Many LLMs can generate answers to math problems, but they often struggle with more complex questions that require solving multiple problems in sequence. This means that their performance can vary greatly depending on whether they are solving questions independently or as part of a series where one answer relies on the previous one. This inconsistency can lead to frustration and errors, especially in smaller or specialized models.

What's the solution?

The researchers tested various LLMs on pairs of math problems to see how well they could handle situations where the second problem depended on the first. They found that most models performed worse when answering related questions compared to answering them separately. To improve the models, they analyzed how different training methods affected reasoning abilities and discovered that smaller models had a harder time with these types of problems. They also noted that distractions from extra information and poor reasoning skills contributed to the gaps in performance.

Why it matters?

This research is important because it reveals that not all LLMs are equally capable of reasoning through math problems, which can impact their reliability in educational settings and other applications. Understanding these differences can help developers create better models that improve students' learning experiences and ensure more accurate problem-solving capabilities.

Abstract

We study the depth of grade-school math (GSM) problem-solving capabilities of LLMs.
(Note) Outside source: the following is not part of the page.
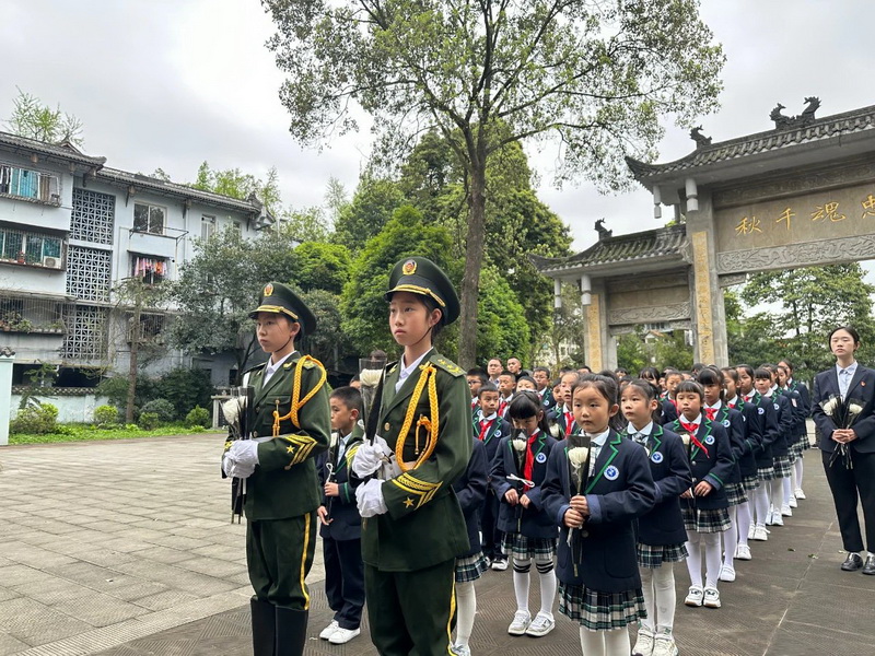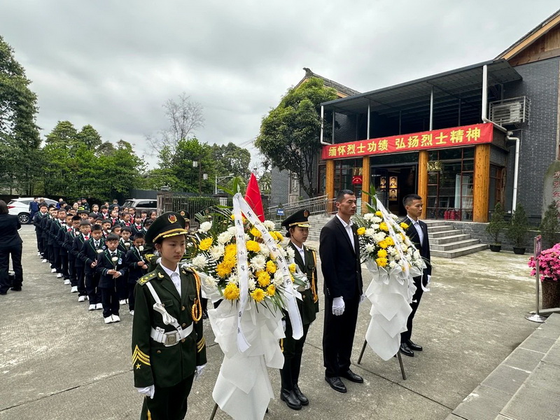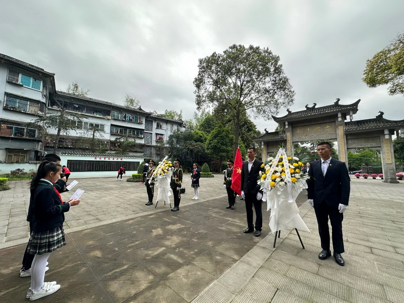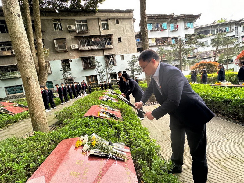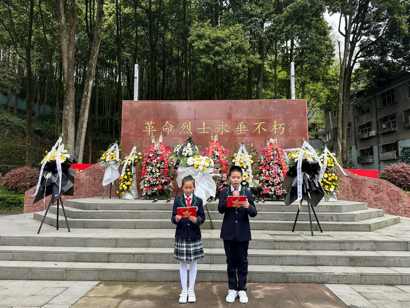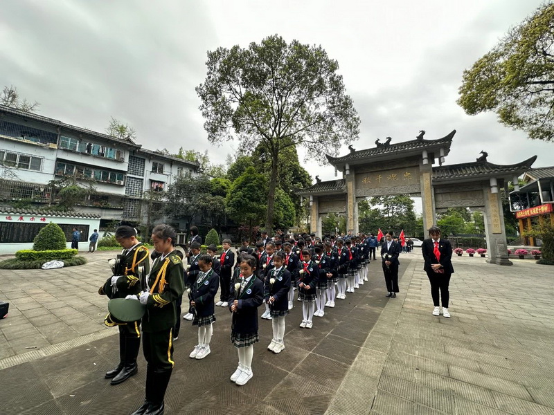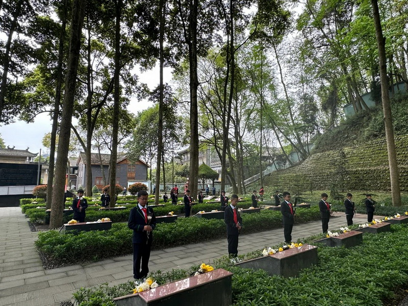 The wind falls, pear flowers and snow fill the court, and it is a year of Qingming. On the occasion of Qingming Festival, in order to mourn the revolutionary martyrs and remember their great achievements, students are taught to carry on the martyrs' Will and strive to be good team members in the new era. On the morning of April 4, representatives of the party members, teachers and Young Pioneers of our school went to the Revolutionary Martyrs' Cemetery of Dujiangyan City to hold a ceremony on the theme of “Offering sacrifices to the revolutionary martyrs and promoting the spirit of the times”, and held a solemn memorial ceremony in front of the monument.

To this end, we evaluate their performance on pairs of existing math word problems together so that the answer to the second problem depends on correctly answering the first problem. Our findings reveal a significant reasoning gap in most LLMs, that is performance difference between solving the compositional pairs and solving each question independently. This gap is more pronounced in smaller, more cost-efficient, and math-specialized models. Moreover, instruction-tuning recipes and code generation have varying effects across LLM sizes, while finetuning on GSM can lead to task overfitting. Our analysis indicates that large reasoning gaps are not because of test-set leakage, but due to distraction from additional context and poor second-hop reasoning. Overall, LLMs exhibit systematic differences in their reasoning abilities, despite what their performance on standard benchmarks indicates.